Given the following question:
putting 4 balls $\{ball_i\}_{i=1}^4$ into 4 boxes $\{box_k\}_{k=1}^4$.
Each ball $ball_i$ have a fair probability to fall into each $box_k$, independently to other balls.
Calculate the expected value, of number of boxed will get empty.
I tried by finding the probability for number of empty boxes, random variable $X$ denotes the number of empty boxes.
I used a permutation $(n_1, n_2, n_3, n_4)$, where $n_i$ tells number of balls in box $box_i$.

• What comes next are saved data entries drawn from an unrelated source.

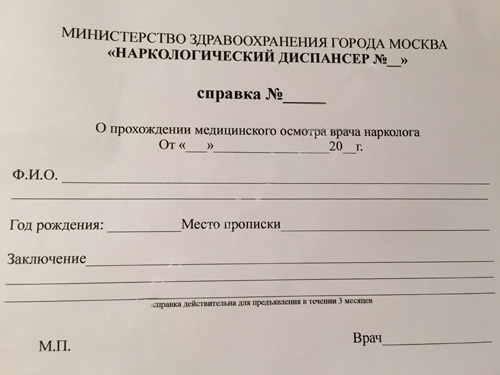 Перед посещением медучрежнений стоит дополнительно уточнять график их работы, который может меняться. В наркодиспансере потребуется сдать соответствующие анализы, результаты которых должны подтвердить, что вы не употребляете запрещенных веществ.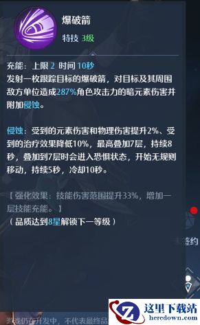解析:这是一个跟踪技能,但是还是别想用他来pvp了,洛朗本身伤害并不高,主要还是用来叠加侵蚀buff的。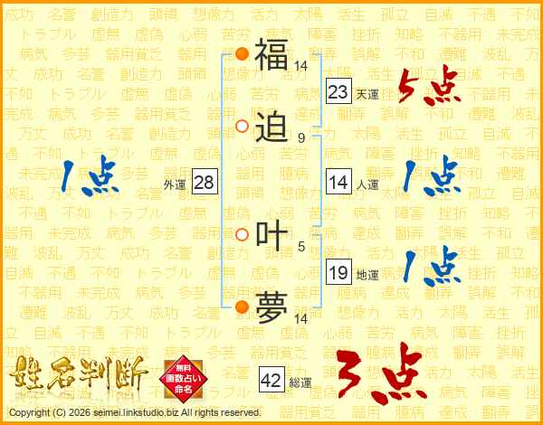 福迫叶夢さんの人運は14画の1点!

Assume $n_1, .. , n_4 \ne 0.$
$P(X = 1) = \frac{(0, n_2, n_3, n_4)}{(n_1, n_2, n_3, n_4)} = \frac{3!}{4!} = \frac{6}{24} = \frac{1}{4}.$
$P(X = 2) = \frac{(0, 0, n_3, n_4)}{(n_1,..,n4)} = \frac{2!}{4!} = \frac{2}{24} = \frac{1}{12}.$
$P(X = 3) = \frac{(0, 0, 0, n_4)}{(n_1,..,n4)} = \frac{1!}{4!} = \frac{1}{24}.$
If it was right, then the expected value was: $\sum_{i=1}^3 P(X = i)\cdot i = \frac{1}{4} + \frac{1}{6} + \frac{3}{24} \approx 0.54.$
According to possible answers, its wrong. What is the right way to solve it? Thanks in advance.
Best Answer
Define Bernoulli random variables $A_i$, $i=1,2,3,4$ where $A_i=1$ if box $i$ is empty; and $A_i=0$ if box $i$ has at least one ball. Then you want $E[\sum_{i=1}^4 A_i]=\sum_{i=1}^4 E[A_i]$
We have $E[A_i]=P(A_i=1)=\left(\frac34 \right)^4=\frac{81}{256}$.
So $\sum_{i=1}^4 E[A_i]=4\cdot \frac{81}{256}=\frac{81}{64}$